Herr Deluc kehrte in sein Zimmer zurück. »Wie lange wohnt er bei Ihnen?« fragte der Inspektor, sobald Deluc ihm den Rücken gekehrt hatte.
»Beinahe ein Jahr,« antwortete die Hauswirtin.
»Gab er Ihnen Referenzen?«
»So gut als ich sie wünschen konnte.« Darauf nannte sie die wohlbekannte Firma einer Zigarrenhandlung in der Altstadt. Der Inspektor notierte die Auskunft in seinem Notizbuche.

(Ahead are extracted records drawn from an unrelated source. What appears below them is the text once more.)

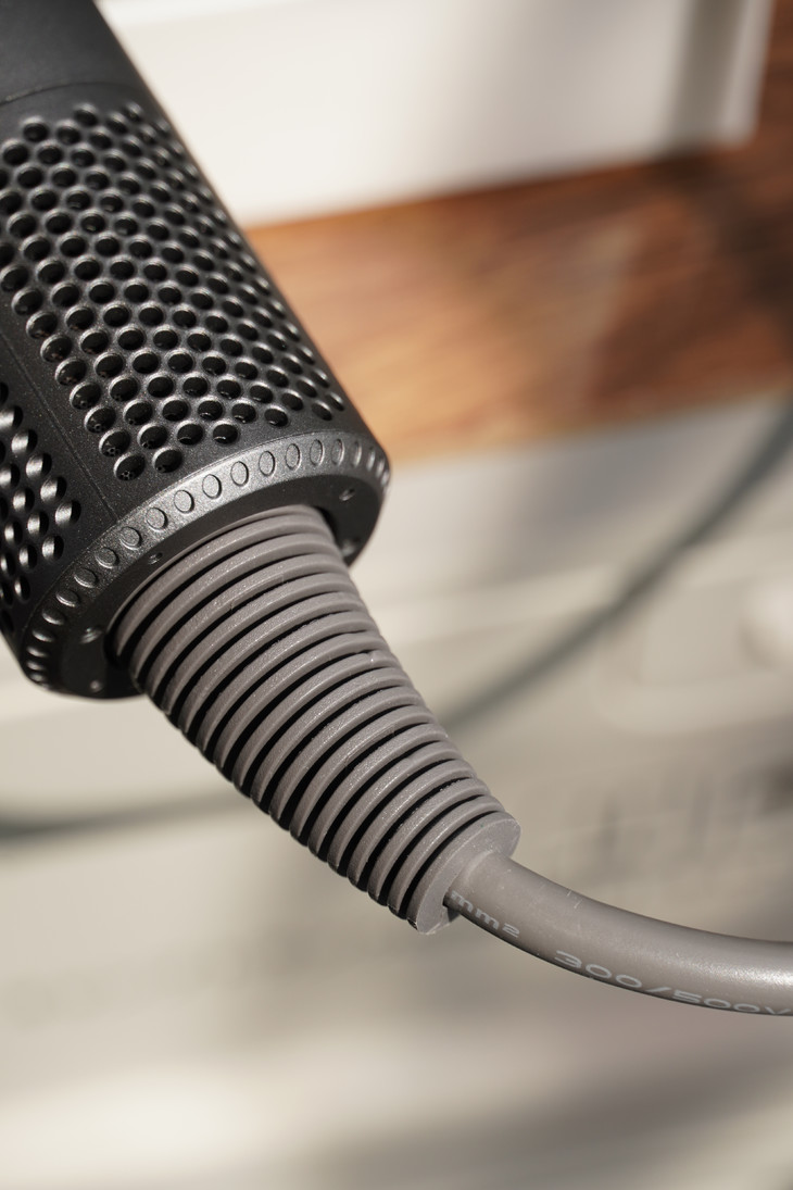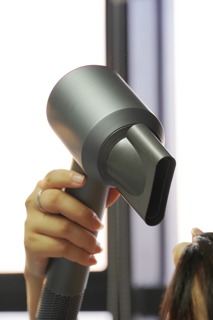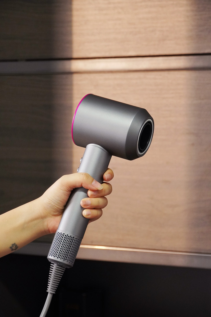 这款吹风机还从多重围度降低了风声啸叫 改善了传统扇叶风筒的噪音问题 机身整体设计小巧又轻便,符合人体工学的手柄设计 单手吹个三五分钟毫无压力,差旅携带也照样轻松方便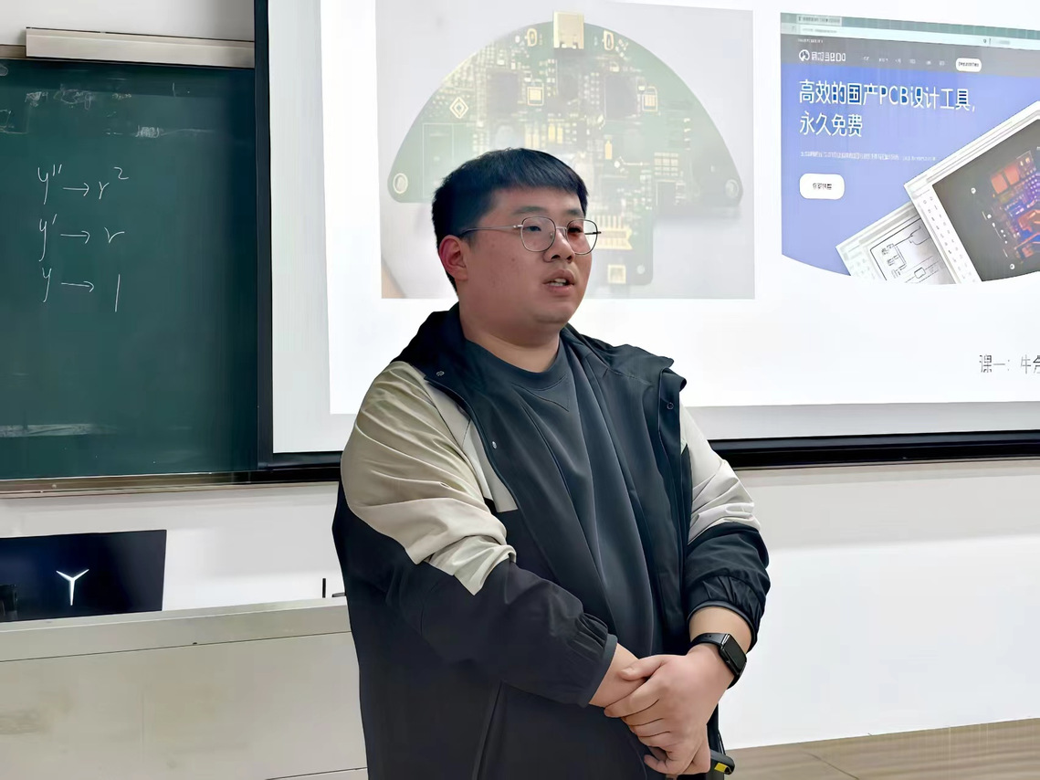 培訓現(xiàn)場,郝偉老師結合行業(yè)前沿案例闡述以項目帶動實踐的重要性,勉勵學子們:我們要把每個項目都視為攀登技術高峰的階梯,在實戰(zhàn)中錘煉真本領。牛余正同學結合自身的大賽參賽經(jīng)驗,重點演示嘉立創(chuàng)平臺操作規(guī)范、基礎器件識別方法及STM32最小系統(tǒng)板繪制流程。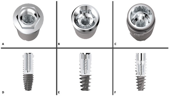 3D rendering of the three implant platforms compared in this study ((A) = External Hexagone, (B) = Internal Hexagone, (C) = Cone Morse), with the relative longitudinal section of the implant/abutment connection ((D) = EH, (E) = IH, (F) = CM). Courtesy of AON (Grisignano di Zocco, Italy).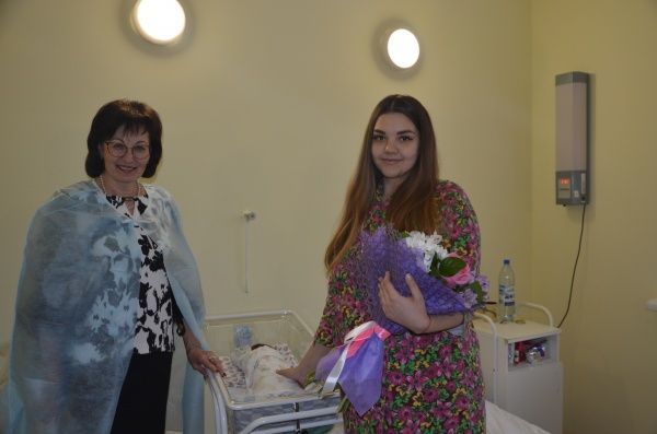 По поручению главы Марий Эл маму ребёнка Веронику Старыгину от имени Правительства республики поздравили министр социального развития Ольга Федорова и главный врач Перинатального центра Николай Сушенцов.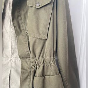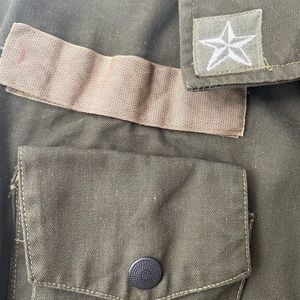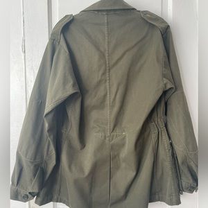 Cool vintage military jacket. Perfect for that oversized look. Cinches at waist, multiple pockets, star patches, Velcro name tag. In amazing condition.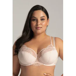 AV 2163 Serenity Semi Soft – biustonosz w eleganckim odcieniu ecru to absolutny must-have w wiosenno-letniej garderobie! Ten półusztywniany model zapewni Ci doskonałe podtrzymanie, zebranie i stabilizację, nawet przy bardziej wymagającym biuście. Dolne miseczki wyścielone miękką pianką gwarantują komfortowe oparcie, podczas gdy górna część z delikatnego, stabilnego tiulu zmysłowo otula i subtelnie osłania piersi. Ozdobny mostek harmonijnie łączy się z koronkowymi wstawkami na miseczkach, wzdłuż których biegnie cienkie, dodatkowe ramiączko, dodając całości elegancji. Szeroki, stabilny obwód utrzyma biustonosz na właściwym miejscu, a wygodne ramiączka odciążą ramiona. Pokochaj delikatność i komfort Serenity!
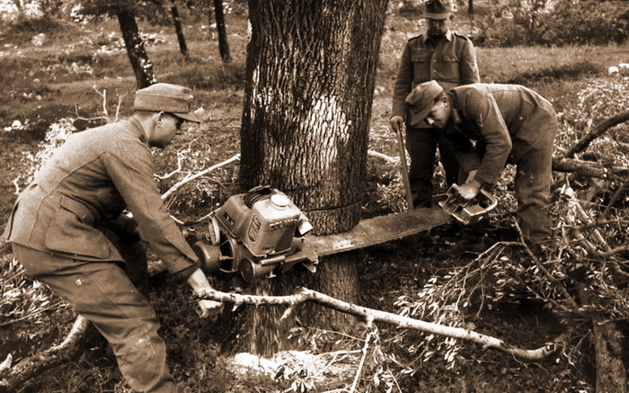Конечно, это не единственные модели бензопил, доступные германской армии во время Второй Мировой войны, но именно на них обычно ссылаются в тех случаях, когда хотят сравнить «у них и у нас». «У нас», как правило, показывают ручные пилы и делают выводы о несопоставимом техническом оснащении армий Германии и СССР. Но справедливы ли эти выводы?
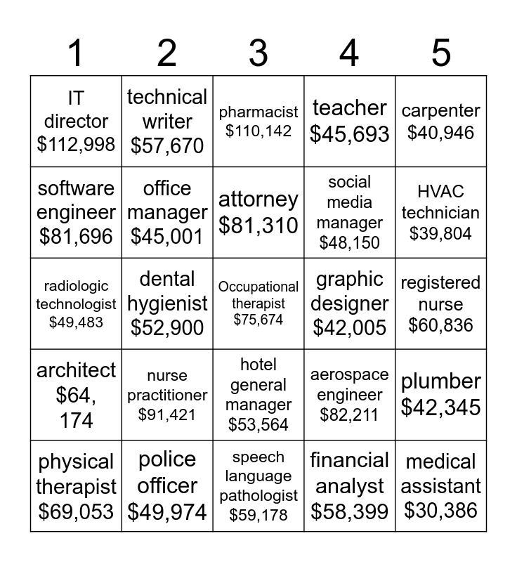 This bingo card has 36 words: accountant $49, 960, operations manager $60,518, human resource manager $64,354, office manager $45,001, aerospace engineer $82,211, architect $64, 174, attorney $81,310, bank teller $23, 979, carpenter $40,946, chemical engineer $72,938, dental hygienist $52,900, teacher $45,693, office administrator $32,995, graphic designer $42,005, HVAC technician $39,804, IT director $112,998, medical assistant $30,386, nurse practitioner $91,421, Occupational therapist $75,674, pharmacist $110,142, registered nurse $60,836, plumber $42,345, police officer $49,974, physical therapist $69,053, speech language pathologist $59,178, technical writer $57,670, radiologic technologist $49,483, retail store manager $45,159, social media manager $48,150, software engineer $81,696, welder $43,126, executive chef $58,108, financial analyst $58,399, hotel general manager $53,564, insurance agent $36,978 and interior designer $45,925.

Ich möchte lieber im einzelnen nichts erzählen, was sich zunächst zutrug. Es ist zu peinlich, dabei zu verweilen. Lassen Sie mich nur sagen, dass die arme geisteskranke Frau in einer Droschke nach dem Polizeigebäude gebracht wurde. Der Inspektor nahm selbst das Messer und ein Buch in Verwahrung, das auf dem Fußboden gesunden wurde und »Die Welt des Schlafs« betitelt war. Die Reisetasche, die das Gepäck enthielt, wurde verschlossen und dann die Türe des Zimmers verwahrt, indem die Schlüssel von beiden meiner Obhut überlassen wurden. Meine Instruktion ging dahin, im Hause zu bleiben und niemand zu erlauben, es zu verlassen, bis dass ich in Kürze wieder etwas von dem Inspektor hörte.